Le succès claironné (des deux côtés) de cette « grève éclair » a réveillé les vieilles blessures. Les libéraux y ont retrouvé les préférences idéologiques de la ministre de la Santé pour l’hôpital public. Jean-Paul Ortiz, président de la CSMF : «  Je m’étonne de la rapidité de cette sortie de crise et de son coût non négligeable ». Claude Leicher, président de MG France : « Cela n’augure rien de bon pour nous car tous les moyens que Mme Touraine met sur l’hôpital, elle ne les met pas dans la médecine libérale générale. »

Pandore

Jusqu’à  Frédéric Valletoux, président de la Fédération hospitalière de France (FHF), qui représente les hôpitaux publics – (écoutez-le sur Radio Classique) : « Mme Touraine « a ouvert une boîte de Pandore en lâchant très vite sur une demande catégorielle. « Cela fait des mois que nous plaidons pour une conférence nationale du temps de travail à l’hôpital. On prend le sujet par le petit bout de la lorgnette. Il n’y a pas que des urgentistes dans un hôpital. D’autres spécialités comme les gynéco-obstétriciens ou les anesthésistes-réanimateurs vont maintenant faire entendre leurs revendications. » On indique, de bonne source, que c’est effectivement en route.

Patrick Pelloux

La FHF estime que la mesure équivaut à baisser de 20  % le temps de travail des urgentistes soit une facture supplémentaire de 90  millions d’euros.  Un chiffre « non documenté » pour le ministère de la Santé, un montant « impossible », « délirant » pour Patrick Pelloux.
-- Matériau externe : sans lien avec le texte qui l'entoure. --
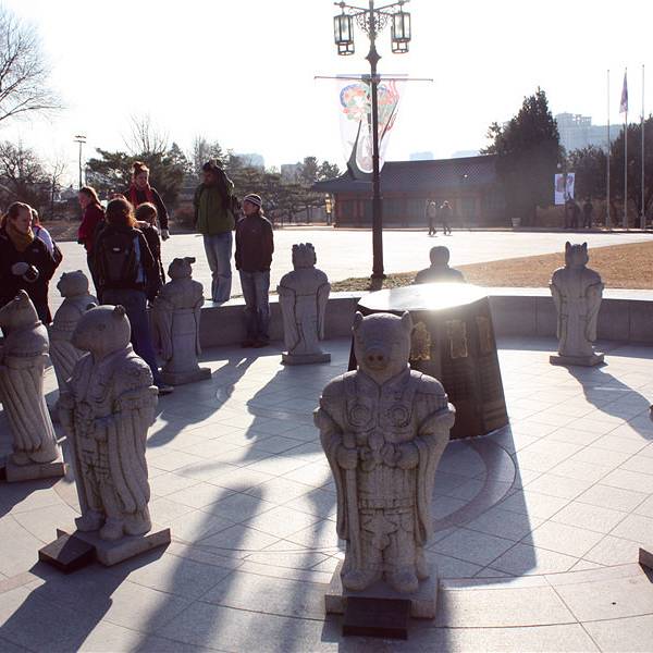 了解韩国人的民俗生活史,漫步室外展馆,与十二生肖铜像合影。

Et pour le reste ? Le combat continue. Ce sera, au minimum, « une semaine sans médecins libéraux » puisque  les spécialistes se joignent ce mercredi 24 décembre au mouvement de grève des généralistes entamé la veille.

25 euros vs 23 euros

Fermeture des cabinets et grève des gardes, du 24 au 31 décembre. Outre la revalorisation à 25 euros des consultations pour les généralistes, les libéraux demandent la réécriture (ou plus précisément le retrait pur et simple du projet de loi Santé « porté par »  Marisol Touraine. Le tout sur fond d’appels catégoriels à la grève divers et variés.  Tous dénoncent la généralisation du tiers payant, ses difficultés de mise en œuvre et les retards de paiement que pourrait entraîner le dispositif.

 Piquant

Tous en veulent aussi, vieille antienne,  à la volonté gouvernementale « d’étatiser » la médecine libérale. On peut voir là une forme de nostalgie d’un âge d’or d’une médecine d’avant les antibiotiques. Un âge d’or qui n’a jamais véritablement existé  à l’exception de quelques mandarins nantis. « C’est une bureaucratisation et une administration de la médecine libérale avec l’hôpital au milieu, juge Jean-Paul Ortiz. La CSMF redoute (de même que la Fédération de l’hospitalisation privée (FHP) qui appelle à la fermeture des cliniques à partir du 5 janvier)  l’exclusion des établissements privés du nouveau service public hospitalier. Ce qui ne manque pas de piquant.

Gérard Bapt

Pour l’heure, Marisol Touraine « exclut de répondre aux revendications des libéraux avant la rentrée » assure l’AFP (1). Ce n’est en effet qu’en janvier que seront relancées les discussions sur son projet de loi – qui ne sera quant à lui discuté au Parlement qu’au printemps. Décrié par les professionnels, ce projet de loi l’est également par l’opposition.  L’UMP réclame son retrait. Même au sein de la majorité. Mais le texte ne fait pas non plus l’unanimité au sein de la majorité socialiste. A commencer par l’influent député (PS, Haute-Garonne). Gérard Bapt qui ne fait pas mystère des critiques qu’il formule quant à la mauvaise méthode de Marisol Touraine.

A demain

(1) « Nous n’assistons à aucun afflux de patients en direction des urgences (…) qui fonctionnent de façon normale»  a toutefois commenté la ministre de la Santé dans l’après-midi du 24 décembre, en marge d’une visite dans un hôpital parisien. « Il n’y pas de report vers les urgences de patients qui auraient des difficultés pour trouver un médecin» , a-t-elle insisté, ajoutant que «la situation sur le terrain était parfaitement calme et maîtrisée»

« J’invite à regarder avec précaution les chiffres avancés du nombre de grévistes» a-t-elle aussi déclaré, pour deux raisons: « les médecins ne sont pas tenus de se déclarer et il y a des cabinets qui sont fermés de toute façon parce que c’est la période des fêtes».